-- DATASET ENTRIES follows --
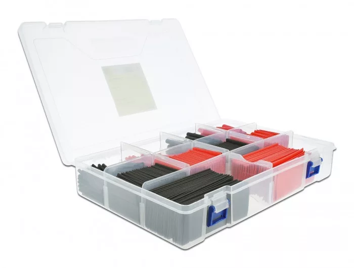 Ez a magas minőségű Delock hőre zsugorodó cső szett használható kábelek, elektromos csövek vagy vezetékek védelmére és szigetelésére. Hőhatására, a borítás teljesen rázáródik a kábelekre és összezsugorodik. Így védi meg a kábelt az időjárási hatásoktól vagy mechanikus károsodástól. Választható különböző méret és szűkülési arány Ez a szett tartalmaz tömlőket négy különböző átmérővel, két különböző méretben és színben és két különböző szűkülési aránnyal, amit sokféleképpen lehet használni. Praktikus tároló doboz Ez a kézre álló doboz ideális a zsugorodó csövek védelmére, kosztól és portól való távoltartására. A doboz újrahasználható különböző kiegészítők tárolására, például csavarok, anyacsavarok, stb. Többfunkciós alkalmazás A hőre zsugorodó csöveket lehet használni például foglalkozásokon, otthon és ipari környezetben is. A zsugorodó csövek használata A hőre zsugorodó csövet melegíthetjük hőlégfúvóval, a tömlő eredeti átmérőjének felére szűkül melegítés hatásra 2:1 szűkülési aránnyal és egy negyedére 4:1 szűkülési arányban eredeti átmérőjéhez képest. Műszaki adatok A csomag tartalma: Zsugorodási arány: 2:1: 100 x (átmérő) 3,0 mm, piros, hosszúság: kb. 50 mm 100 x (átmérő) 3,0 mm, fekete, hosszúság: kb. 50 mm 50 x (átmérő) 6,0 mm, piros, hosszúság: kb. 50 mm 50 x (átmérő) 6,0 mm, fekete, hosszúság: kb. 50 mm 60 x (átmérő) 13,0 mm, piros, hosszúság: kb. 50 mm 60 x (átmérő) 13,0 mm, fekete, hosszúság: kb. 50 mm 30 x (átmérő) 25,0 mm, piros, hosszúság: kb. 50 mm 30 x (átmérő) 25,0 mm, fekete, hosszúság: kb. 50 mm Zsugorodási arány: 4:1: 20 x (átmérő) 25,0 mm, piros, hosszúság: kb. 100 mm 20 x (átmérő) 25,0 mm, fekete, hosszúság: kb. 100 mm Zsugorodási hőmérséklet: 70 C ~ 125 C Anyag: polietilén Doboz mérete (HxSzxM): kb. 300 x 200 x 63 mm A csomag tartalma Hőre zsugorodó csöveket tartalmazó doboz Csomag Doboz Gyártó: Delock
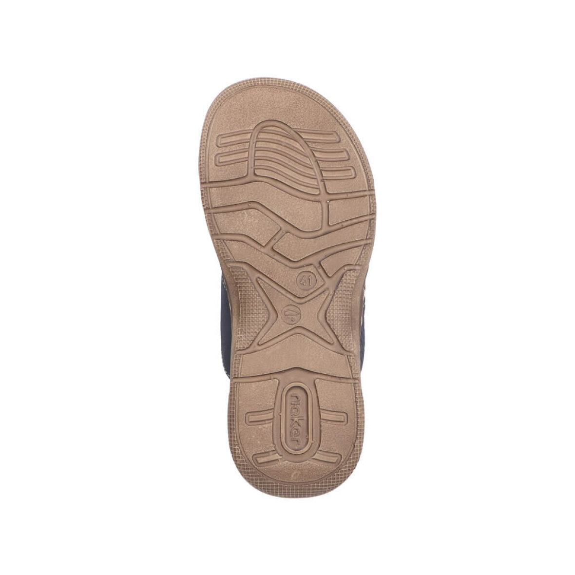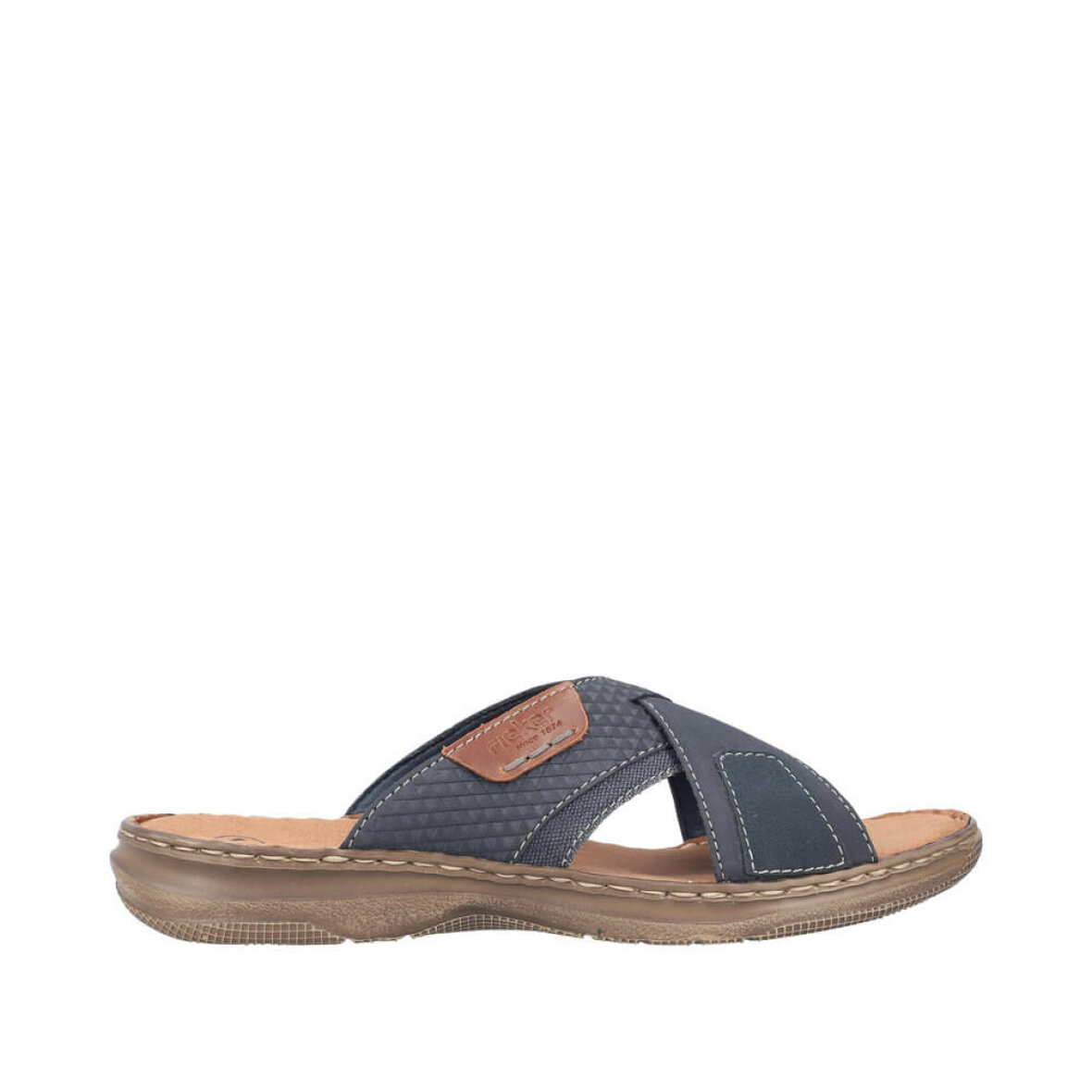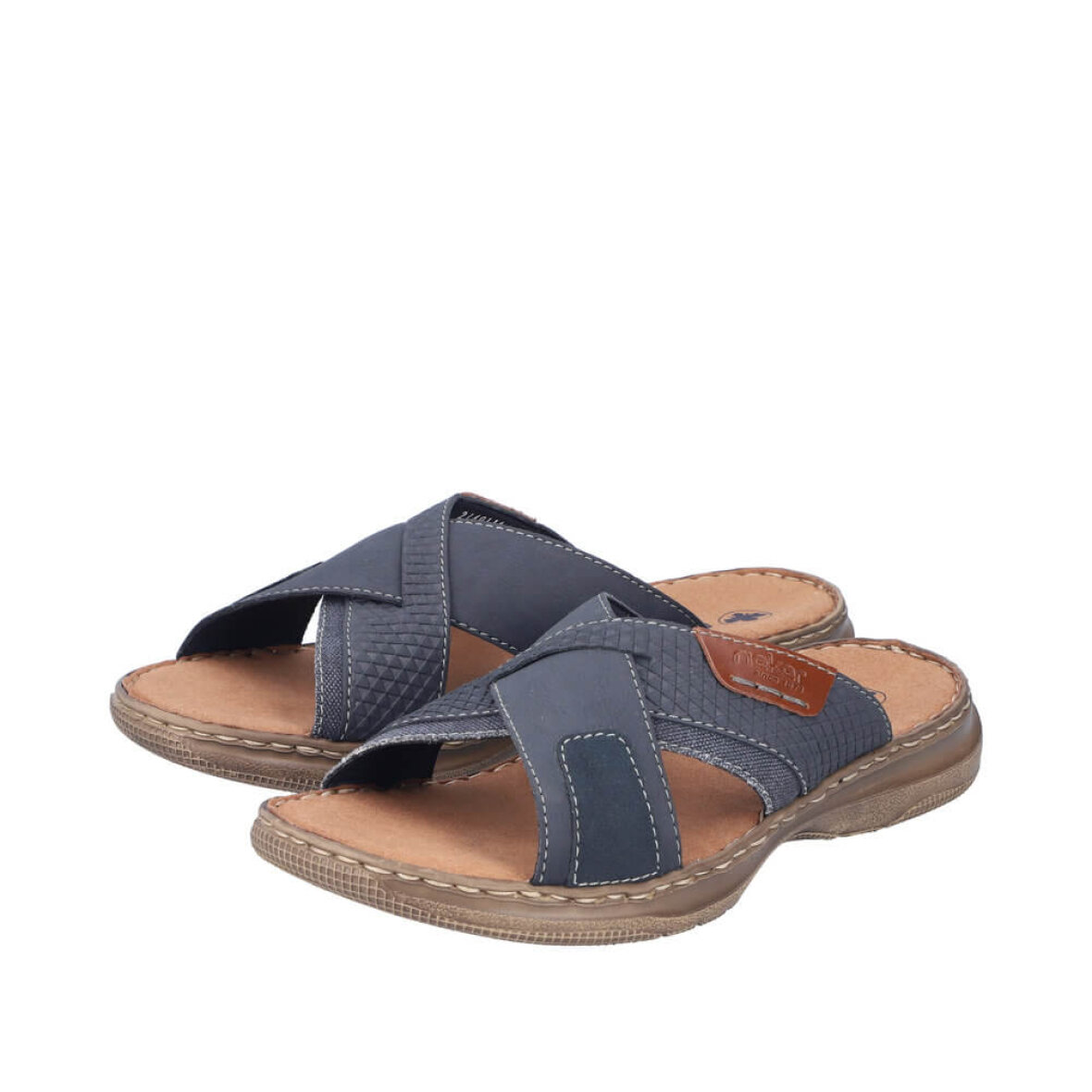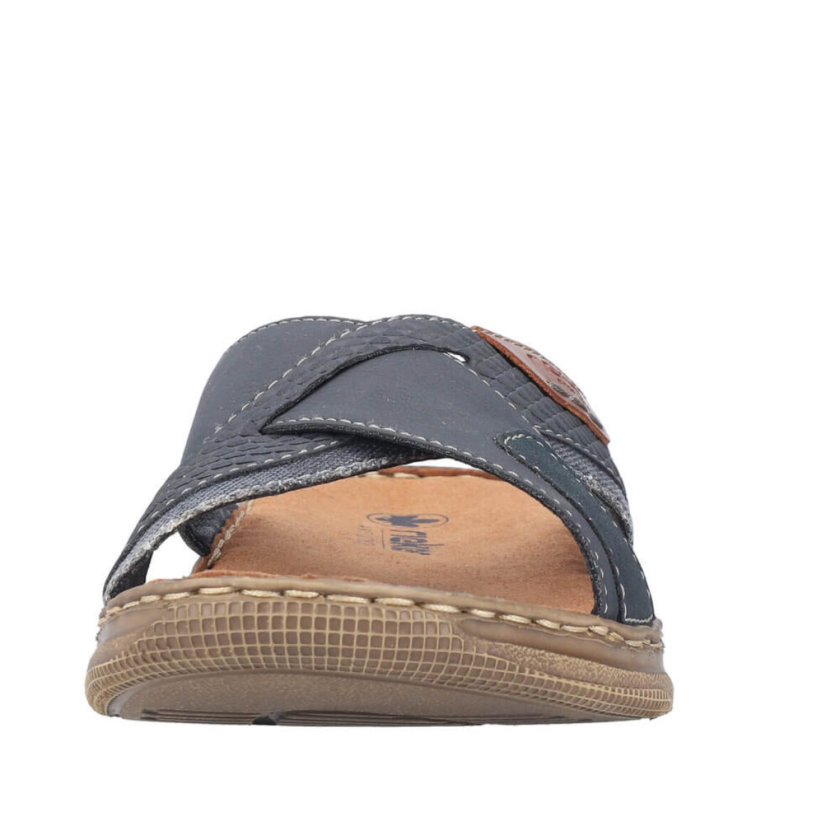 Smart herre sandal fra Rieker. Slipper sandalen er lavet mørkeblå imiteret skind med kryds remme over forfoden. Den ene rem er med trekantet mønster samt en tynd kant af denim, hvilket giver et fedt look til sandalen.
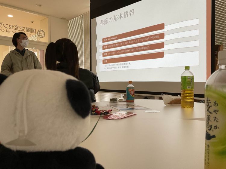 発表者:ヒョウさん(工学部宇宙航空システム工学科宇宙航空システム専攻2年・雲南省出身)、ジャオさん(生物生命学部4年・吉林省長春市出身)
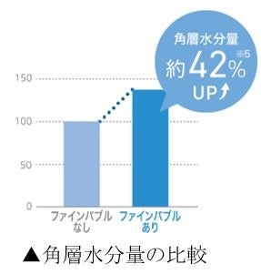 ※5:20代女性8名で実施。「ミストクレンズモード」(温度40±1℃)を手の甲に1分間あて、使用前後の角層水分量を測定。ウルトラファインバブルなし条件での肌水分増加量を100%としたときの比較(当社調べ)。使用環境(季節・温度など)や個人差により効果は異なります。
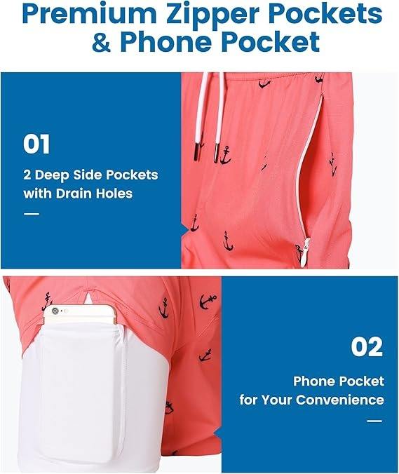 กางเกงว่ายน้ำขาสั้น2 In1เป็นมิตรกับสิ่งแวดล้อมสำหรับผู้ชายกางเกงผ้ายืดแบบแห้งเร็วพิมพ์ลายสมอเรือ4ฤดู
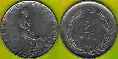 Turcja 2 1/2 Lira 1960 r.
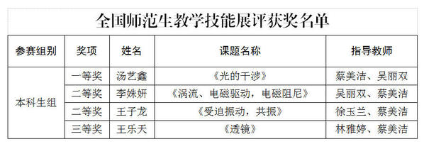 我校首次组织师生参加此项赛事,赛前一个月,物理信息与工程学院精心组建了由吴丽双、蔡美洁、徐玉兰、林雅婷4位经验丰富的教师组成的指导团队,采用线上线下相结合的方式,为参赛学生提供全方位、个性化的辅导,通过多轮模拟演练和细致点评,学生的教学技能得到显著提升。比赛期间,4名学子在全国赛场上沉着应战、精彩展示,斩获佳绩,充分展现了我校物理师范教育的优良成果。
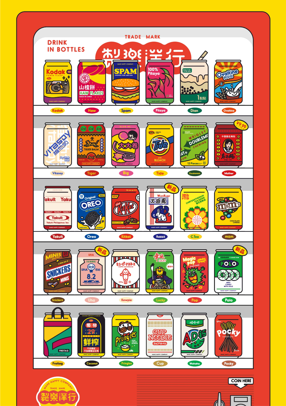 The vending machine. A ubiquitous sight in many Asian countries. Hot coffee. Booze. Noodles. Burgers. Hotdogs. Lemonade. Toys. Spaghetti. Fried Chicken. Let your imagination run wild. The offerings are endless. Designed by Chinese artist Lay Chen, “Make Happy Company” consists of 30 nostalgic “drinks”. This artwork is a playful exploration of what a drink might look and taste like from iconic childhood brands. Come along with us to discover this retro-inspired machine in the back alleys of Asia.
-- DATASET ENTRIES concluded --
• _WHAT IS EXPECTED_
What is needed is a word-for-word copy of the data above, free of any images.

• _REPLY_
 Ez a magas minőségű Delock hőre zsugorodó cső szett használható kábelek, elektromos csövek vagy vezetékek védelmére és szigetelésére. Hőhatására, a borítás teljesen rázáródik a kábelekre és összezsugorodik. Így védi meg a kábelt az időjárási hatásoktól vagy mechanikus károsodástól. Választható különböző méret és szűkülési arány Ez a szett tartalmaz tömlőket négy különböző átmérővel, két különböző méretben és színben és két különböző szűkülési aránnyal, amit sokféleképpen lehet használni. Praktikus tároló doboz Ez a kézre álló doboz ideális a zsugorodó csövek védelmére, kosztól és portól való távoltartására. A doboz újrahasználható különböző kiegészítők tárolására, például csavarok, anyacsavarok, stb. Többfunkciós alkalmazás A hőre zsugorodó csöveket lehet használni például foglalkozásokon, otthon és ipari környezetben is. A zsugorodó csövek használata A hőre zsugorodó csövet melegíthetjük hőlégfúvóval, a tömlő eredeti átmérőjének felére szűkül melegítés hatásra 2:1 szűkülési aránnyal és egy negyedére 4:1 szűkülési arányban eredeti átmérőjéhez képest. Műszaki adatok A csomag tartalma: Zsugorodási arány: 2:1: 100 x (átmérő) 3,0 mm, piros, hosszúság: kb. 50 mm 100 x (átmérő) 3,0 mm, fekete, hosszúság: kb. 50 mm 50 x (átmérő) 6,0 mm, piros, hosszúság: kb. 50 mm 50 x (átmérő) 6,0 mm, fekete, hosszúság: kb. 50 mm 60 x (átmérő) 13,0 mm, piros, hosszúság: kb. 50 mm 60 x (átmérő) 13,0 mm, fekete, hosszúság: kb. 50 mm 30 x (átmérő) 25,0 mm, piros, hosszúság: kb. 50 mm 30 x (átmérő) 25,0 mm, fekete, hosszúság: kb. 50 mm Zsugorodási arány: 4:1: 20 x (átmérő) 25,0 mm, piros, hosszúság: kb. 100 mm 20 x (átmérő) 25,0 mm, fekete, hosszúság: kb. 100 mm Zsugorodási hőmérséklet: 70 C ~ 125 C Anyag: polietilén Doboz mérete (HxSzxM): kb. 300 x 200 x 63 mm A csomag tartalma Hőre zsugorodó csöveket tartalmazó doboz Csomag Doboz Gyártó: Delock
 Smart herre sandal fra Rieker. Slipper sandalen er lavet mørkeblå imiteret skind med kryds remme over forfoden. Den ene rem er med trekantet mønster samt en tynd kant af denim, hvilket giver et fedt look til sandalen.
 発表者:ヒョウさん(工学部宇宙航空システム工学科宇宙航空システム専攻2年・雲南省出身)、ジャオさん(生物生命学部4年・吉林省長春市出身)
 ※5:20代女性8名で実施。「ミストクレンズモード」(温度40±1℃)を手の甲に1分間あて、使用前後の角層水分量を測定。ウルトラファインバブルなし条件での肌水分増加量を100%としたときの比較(当社調べ)。使用環境(季節・温度など)や個人差により効果は異なります。
 กางเกงว่ายน้ำขาสั้น2 In1เป็นมิตรกับสิ่งแวดล้อมสำหรับผู้ชายกางเกงผ้ายืดแบบแห้งเร็วพิมพ์ลายสมอเรือ4ฤดู
 Turcja 2 1/2 Lira 1960 r.
 我校首次组织师生参加此项赛事,赛前一个月,物理信息与工程学院精心组建了由吴丽双、蔡美洁、徐玉兰、林雅婷4位经验丰富的教师组成的指导团队,采用线上线下相结合的方式,为参赛学生提供全方位、个性化的辅导,通过多轮模拟演练和细致点评,学生的教学技能得到显著提升。比赛期间,4名学子在全国赛场上沉着应战、精彩展示,斩获佳绩,充分展现了我校物理师范教育的优良成果。
 The vending machine. A ubiquitous sight in many Asian countries. Hot coffee. Booze. Noodles. Burgers. Hotdogs. Lemonade. Toys. Spaghetti. Fried Chicken. Let your imagination run wild. The offerings are endless. Designed by Chinese artist Lay Chen, “Make Happy Company” consists of 30 nostalgic “drinks”. This artwork is a playful exploration of what a drink might look and taste like from iconic childhood brands. Come along with us to discover this retro-inspired machine in the back alleys of Asia.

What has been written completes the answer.